Problem - Word for word, restate the listing; omit the pictures.

(Data provided)

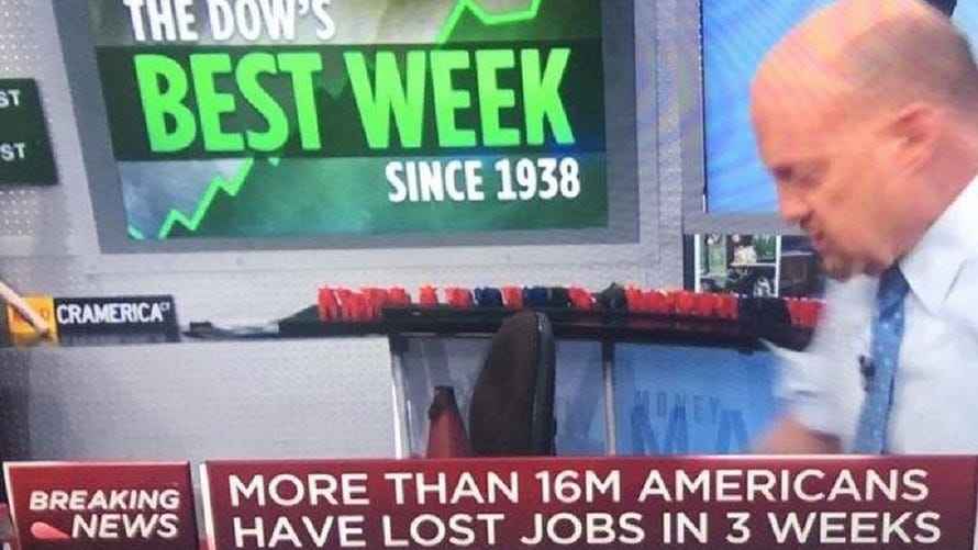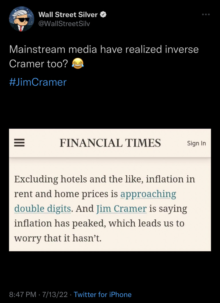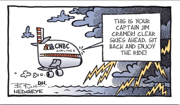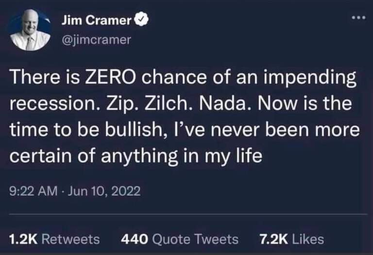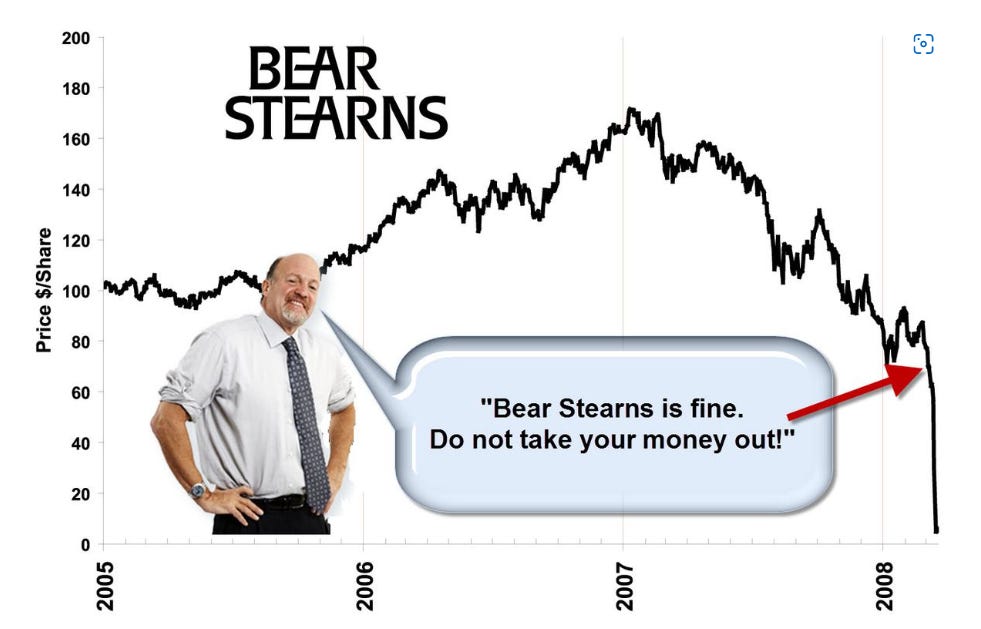 In case you missed it, everyone’s favorite Wall Street financial press shrill Jim Cramer, the Meme of Wall Street, has had a rough interesting week. First, he went on record saying that he sees no recession - a prediction that will surely age well… like telling people to buy Bear Stearns just before it blew up…:
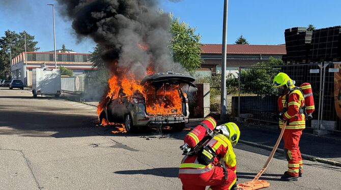 METZINGEN. Am Sonntag stand in Metzingen, kurz vor 18 Uhr, ein Auto der Marke Ford in Flammen. Der Brand ereignete sich an der Kreuzung Seefelder- und Gutenbergstraße, vor dem Lager des Baumarkts Obi. Das Feuer bemerkten Passanten. »Mehrere Anrufe gingen bei der Leitstelle ein«, so der Metzinger Feuerwehrkommandant Harmut Holder.
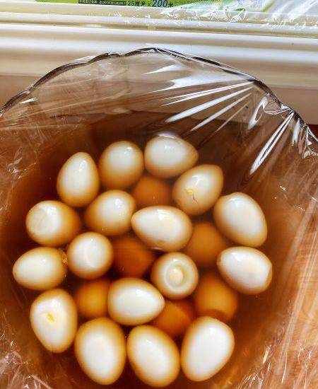 3、鵪鶉蛋放入容器,倒入糟鹵(沒過食材就行),蓋上保鮮膜,冰箱冷藏醃制1-2小時
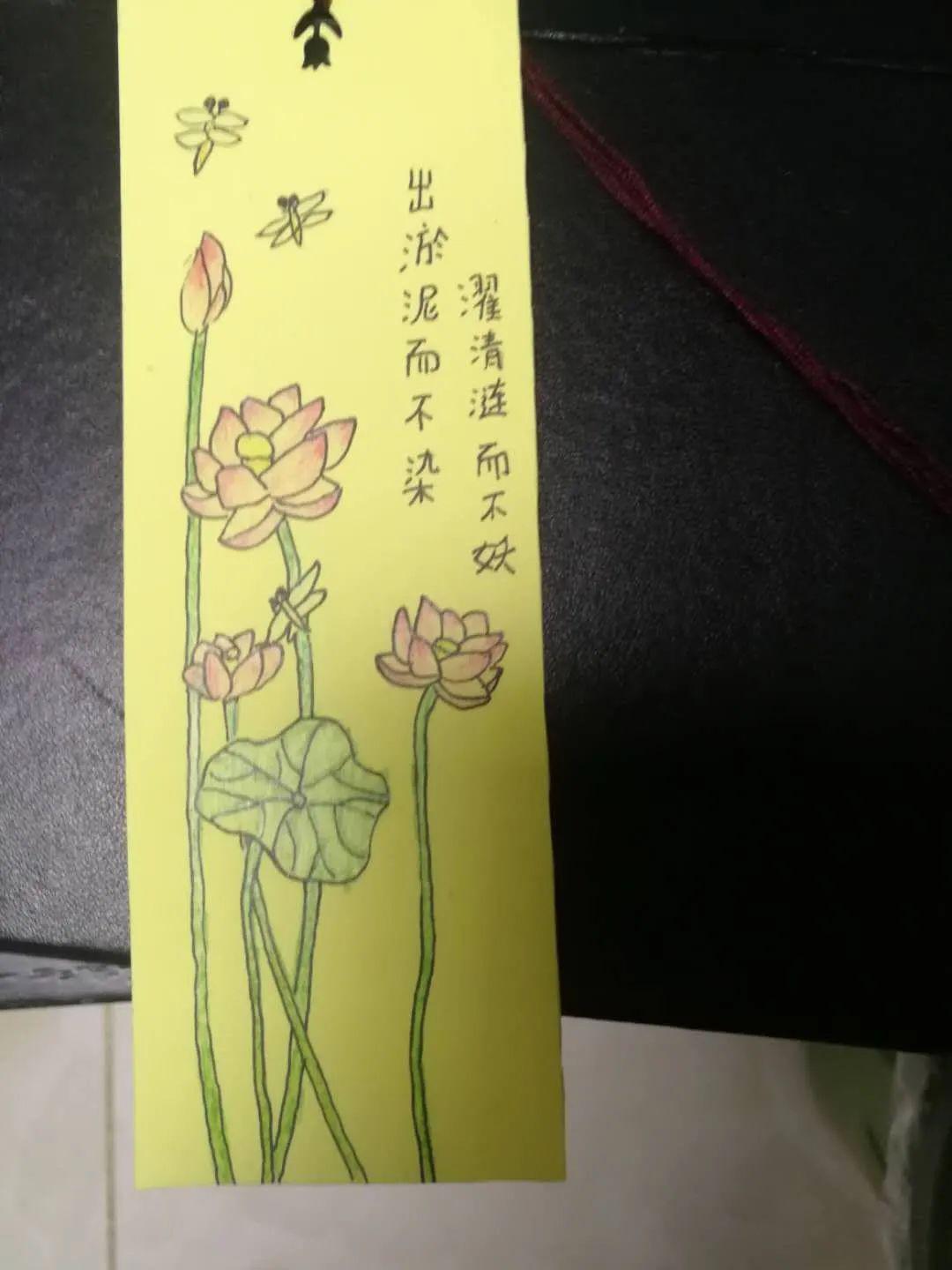 孩子们将他们对古诗的喜爱之情通过书签分享给大家,他们制作的书签里

(End Data provided)

Answer to the problem -
 In case you missed it, everyone’s favorite Wall Street financial press shrill Jim Cramer, the Meme of Wall Street, has had a rough interesting week. First, he went on record saying that he sees no recession - a prediction that will surely age well… like telling people to buy Bear Stearns just before it blew up…:
 METZINGEN. Am Sonntag stand in Metzingen, kurz vor 18 Uhr, ein Auto der Marke Ford in Flammen. Der Brand ereignete sich an der Kreuzung Seefelder- und Gutenbergstraße, vor dem Lager des Baumarkts Obi. Das Feuer bemerkten Passanten. »Mehrere Anrufe gingen bei der Leitstelle ein«, so der Metzinger Feuerwehrkommandant Harmut Holder.
 3、鵪鶉蛋放入容器,倒入糟鹵(沒過食材就行),蓋上保鮮膜,冰箱冷藏醃制1-2小時
 孩子们将他们对古诗的喜爱之情通过书签分享给大家,他们制作的书签里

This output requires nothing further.